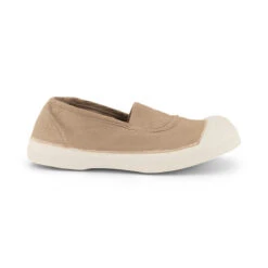 Elastic tennis shoe by Bensimon.  Simple slip-on elasticated front version of the Bensimon tennis shoe. This slip-on style is easy to put on and quick to take off. Thin and lightweight made from rubber and natural cotton. Every shoe is hand-dyed in Bensimon’s workshops in France, meaning every pair has its own variations and is completely unique.
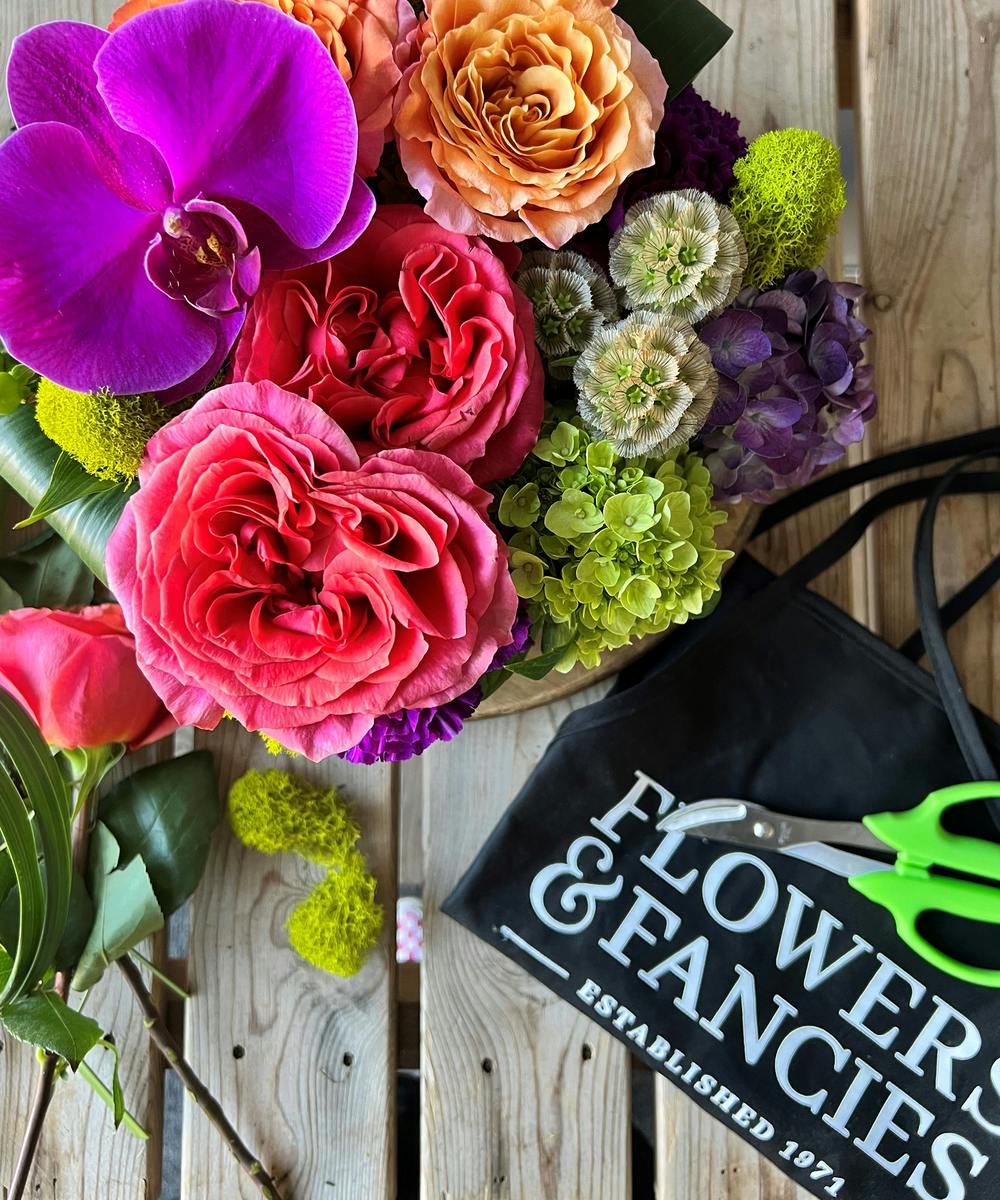 Discover the magic of transforming stems into captivating take-home arrangements. Our experienced team will guide you through various techniques, from basic floral compositions to advanced designs, teaching you the fundamentals of color, balance, texture, and shape.
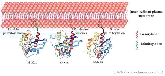 - Parker, J.A.; Mattos, C. The Ras–Membrane Interface: Isoform-Specific Differences in the Catalytic Domain. Mol. Cancer Res. 2015, 13, 595–603. [Google Scholar] [CrossRef]
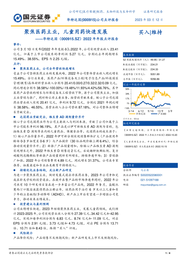 2022年年报点评报告:聚焦医药主业,儿童用药快速发展
^^^^
**Work order**
The line containing "Discover the magic" marks the start: set down exactly that line and every line after it through the last line of the data, without any pictures.

**Problem solution**
 Discover the magic of transforming stems into captivating take-home arrangements. Our experienced team will guide you through various techniques, from basic floral compositions to advanced designs, teaching you the fundamentals of color, balance, texture, and shape.
 - Parker, J.A.; Mattos, C. The Ras–Membrane Interface: Isoform-Specific Differences in the Catalytic Domain. Mol. Cancer Res. 2015, 13, 595–603. [Google Scholar] [CrossRef]
 2022年年报点评报告:聚焦医药主业,儿童用药快速发展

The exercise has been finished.